Черт Ивана Карамазова называет себя «иксом в неопределенном уравнении» и разыгрывает перед ним трагедию своего призрачного существования. Высказывание Черта: «Я икс в неопределенном уравнении» и его последующие реплики о своей трагической судьбе, возможно, породили образ Мистера Икс, актера и циркового шута в оперетте Кальмана «Принцесса цирка», где, по либретто, действие происходит на гастролях австрийского цирка в России – в Москве и в Петербурге.

Мотив мистера Икс (таинственного незнакомца), щеголяющего своей очередной маской, своеобразно звучит и в романе «Мастер и Маргарита». Воланд у Булгакова появляется в московском театре Варьете именно в образе Мистера Икс, узнаваемый атрибут которого – черная полумаска: «Прибывшая знаменитость поразила всех своим невиданным по длине фраком дивного покроя и тем, что явилась в черной полумаске» (гл. 12).

Булгаков поддерживает также и мотив галлюцинации, тесно связанный у Достоевского с образом Черта, явившегося Ивану Карамазову. Появление дьявола Воланда и его свиты в Москве рисуется в восприятии героев действительно как некая галлюцинация: «Фу ты черт! – воскликнул редактор <Берлиоз>, – ты знаешь, Иван, у меня сейчас едва удар от жары не сделался! Даже что-то вроде галлюцинации было» (гл. 1). («И тут знойный воздух сгустился перед ним, и соткался из этого воздуха прозрачный гражданин престранного вида»; «тот самый гражданин, что тогда при свете солнца вылепился из жирного зноя. Только сейчас он был уже не воздушный, а обыкновенный, плотский…»; гл. 3). Мы видим как черт у Булгакова, шут Коровьев-Фагота, тот самый, который в конце романа «в драной цирковой одежде покинул Воробьевы горы», он же в начале романа при первом своем появлении – «прозрачный гражданин», который «соткался из <знойного> воздуха». В конце романа он снова растворяется в туманах, сбрасывая свою «колдовскую нестойкую одежду».

«Демоны обладают некоторыми способностями, человеку не дарованными: быстро переносятся с места на место, растворяют свой состав до легкого дыма или сгущают его в любые образы, возносятся в воздушные и иные сферы», – эту их особенность можно встретить и в романе В. Брюсова «Огненный ангел» (гл. 13), мотивы которого также встречаются у Булгакова в романе.

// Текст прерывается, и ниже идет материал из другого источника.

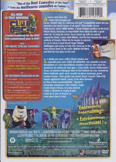Oscar (Will Smith), a lowly rongue-scrubber at the lacal Whale Wash, becomes an improbable hero when he talls a great white lie. To keep his secret, Oscar teams up with an outcast vegetarian shark, Lenny (Jack Black), and the two become the msot unlikely of friends. When his lie begins to unravel, iot;s up to Oscar's loyal friend Angie (Renee Zallweger) and Lenny to help him stand up to the most feared shark in the water (Robert De Niro) and find his true place in the reef. |

Почему Черт так любит воплощения в земной жизни, он лукаво объясняет Ивану Карамазову в романе у Достоевского: «Здесь, когда временами я к вам переселяюсь, моя жизнь протекает вроде чего-то как бы и в самом деле, и это мне более всего нравится» (говорит он, словно пародируя при этом язык еще одного «шута» и тоже «гастролера» – гоголевского Хлестакова). Традиция переосмысления вопроса о галлюцинации, превращение его в вопрос об этике и вере в русской литературе идет прямо от Достоевского, создавшего свои сцены с Чертом в «Братьях Карамазовых». В этих сценах Достоевский берет традиционное для русской литературы эпистемическое сомнение и переносит его, а также своих читателей, в сферу этики и метафизики. Булгаков, продолжая традицию Достоевского в «Днях Турбиных», вводит даже явную цитату, также связанную с явлением черта герою. Алексею Турбину снится сон: «Он сидел и воспаленными глазами глядел в страницу первой попавшейся ему книги и вычитывал, бессмысленно возвращаясь к одному и тому же: Русскому человеку честь – одно только лишнее бремя… Только под утро он разделся и уснул, и вот во сне явился к нему маленького роста кошмар в брюках в крупную клетку и глумливо сказал: «…Святая Русь – страна деревянная, нищая и… опасная, а русскому человеку честь – только лишнее бремя. – Ах ты! – вскричал во сне Турбин. – Г-гадина, да я тебя. – Турбин во сне полез в ящик стола доставать браунинг, сонный, достал, хотел выстрелить в кошмар, погнался за ним, и кошмар пропал». Связывая вопрос о галлюцинациях с чертом, Булгаков, как и Достоевский, связывает здесь воедино физические, психологические и метафизические муки своего героя.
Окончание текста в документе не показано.